▸ **EXCERPTED RECORDS**
+++++

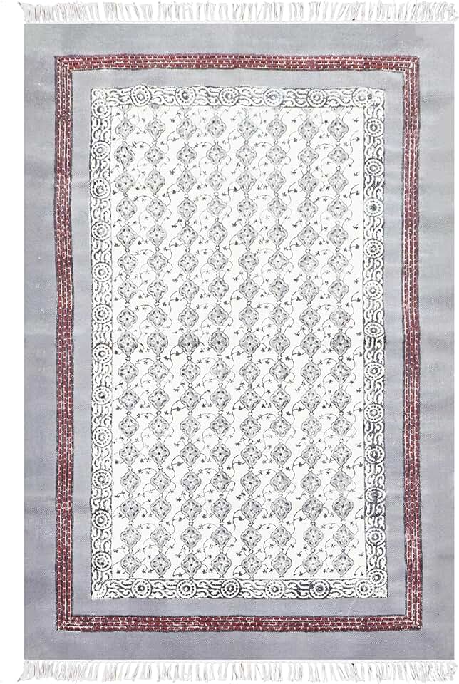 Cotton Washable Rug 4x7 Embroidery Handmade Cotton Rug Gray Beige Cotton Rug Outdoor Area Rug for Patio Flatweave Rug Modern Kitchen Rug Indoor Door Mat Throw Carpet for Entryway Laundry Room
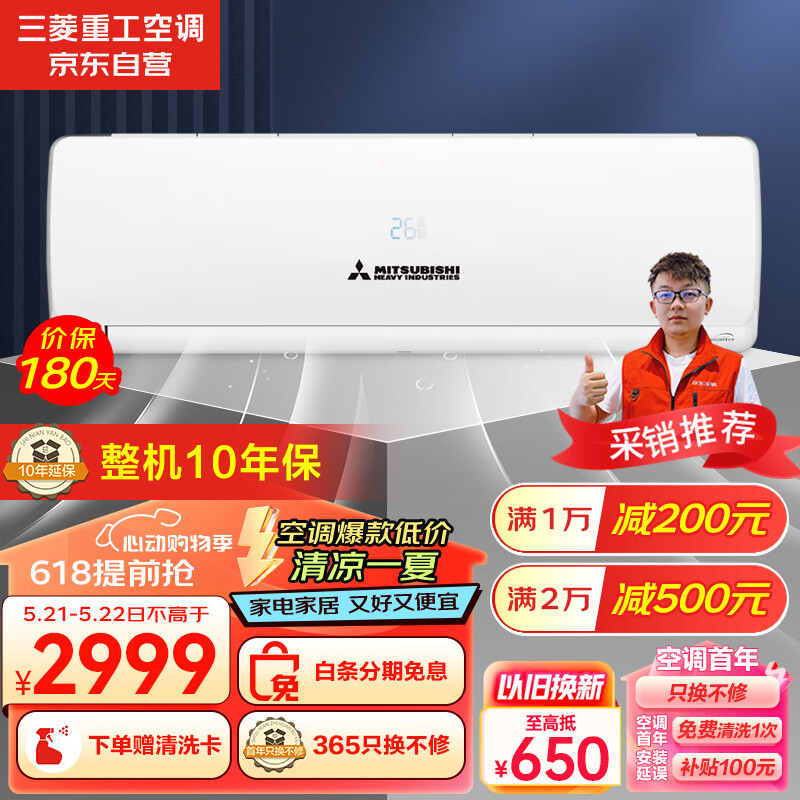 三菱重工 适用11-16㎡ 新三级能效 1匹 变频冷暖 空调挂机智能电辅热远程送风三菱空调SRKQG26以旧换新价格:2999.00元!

+++++

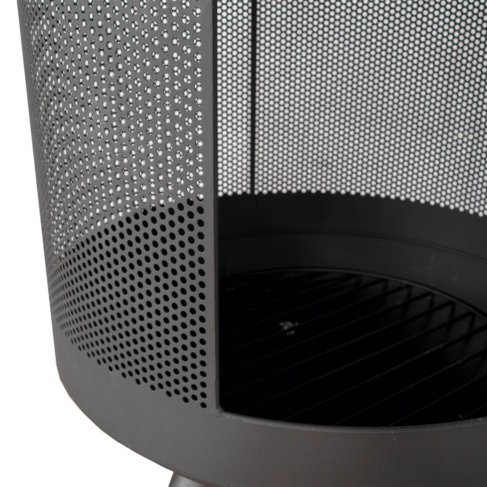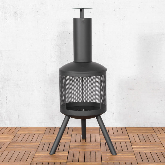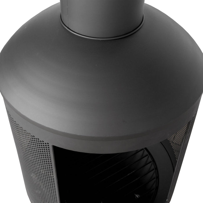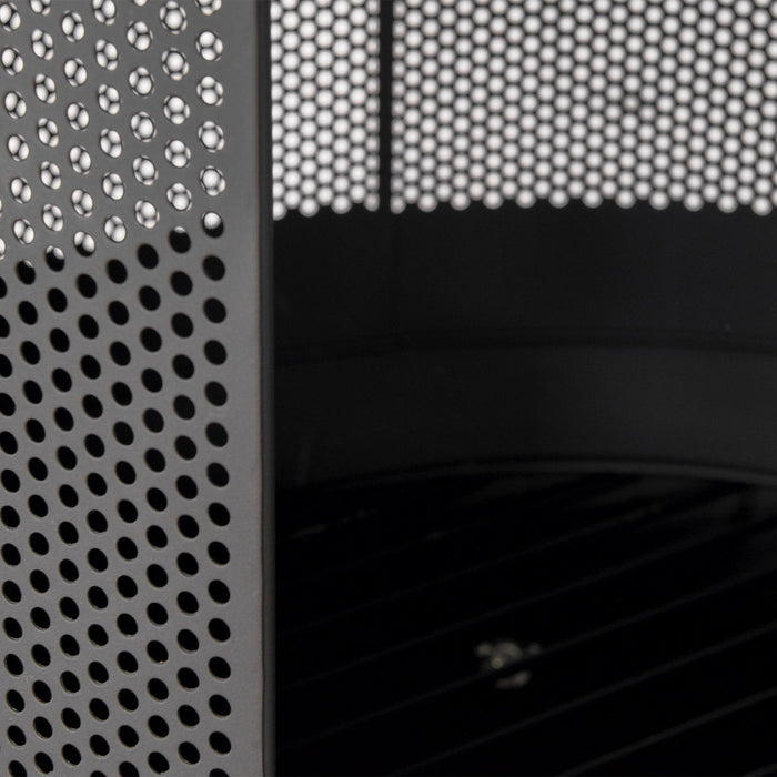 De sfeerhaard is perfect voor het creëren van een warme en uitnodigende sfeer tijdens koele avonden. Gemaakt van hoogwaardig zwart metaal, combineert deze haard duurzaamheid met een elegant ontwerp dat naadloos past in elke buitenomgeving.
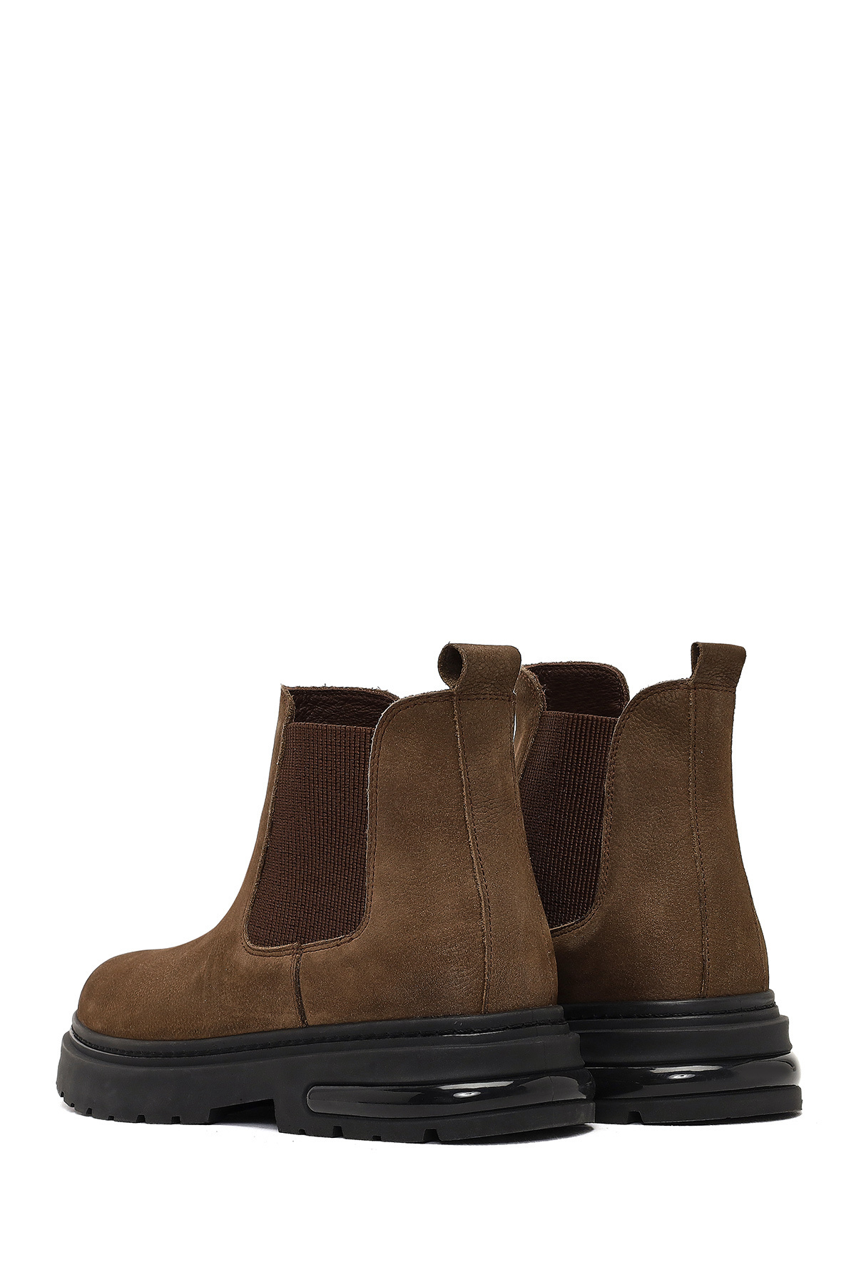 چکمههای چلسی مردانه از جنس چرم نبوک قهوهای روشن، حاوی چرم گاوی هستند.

+++++

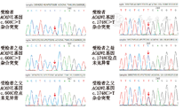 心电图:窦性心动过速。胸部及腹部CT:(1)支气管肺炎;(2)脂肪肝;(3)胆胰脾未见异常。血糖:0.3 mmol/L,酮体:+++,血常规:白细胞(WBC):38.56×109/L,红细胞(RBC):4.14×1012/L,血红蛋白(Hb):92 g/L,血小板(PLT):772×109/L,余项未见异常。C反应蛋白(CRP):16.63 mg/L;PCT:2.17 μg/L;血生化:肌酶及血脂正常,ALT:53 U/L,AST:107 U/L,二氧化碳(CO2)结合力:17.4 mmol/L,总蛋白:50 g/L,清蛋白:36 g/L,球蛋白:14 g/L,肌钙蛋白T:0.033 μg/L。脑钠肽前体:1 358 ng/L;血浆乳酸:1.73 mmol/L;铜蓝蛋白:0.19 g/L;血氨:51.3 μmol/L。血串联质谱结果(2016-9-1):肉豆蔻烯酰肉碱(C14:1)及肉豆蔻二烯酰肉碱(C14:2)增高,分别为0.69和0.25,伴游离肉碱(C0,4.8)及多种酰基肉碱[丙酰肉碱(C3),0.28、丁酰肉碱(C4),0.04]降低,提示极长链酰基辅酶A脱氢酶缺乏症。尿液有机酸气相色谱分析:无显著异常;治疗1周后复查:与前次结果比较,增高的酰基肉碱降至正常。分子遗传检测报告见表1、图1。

+++++

▸ **REQUIRED ACTION**
Would you write out exactly the lines above, starting at the line containing "Cotton Washable Rug" and stopping after the line containing "三菱重工 适用11-16㎡ 新三级能效"? Omit the pictures.

▸ **RESPONSE BELOW**
 Cotton Washable Rug 4x7 Embroidery Handmade Cotton Rug Gray Beige Cotton Rug Outdoor Area Rug for Patio Flatweave Rug Modern Kitchen Rug Indoor Door Mat Throw Carpet for Entryway Laundry Room
 三菱重工 适用11-16㎡ 新三级能效 1匹 变频冷暖 空调挂机智能电辅热远程送风三菱空调SRKQG26以旧换新价格:2999.00元!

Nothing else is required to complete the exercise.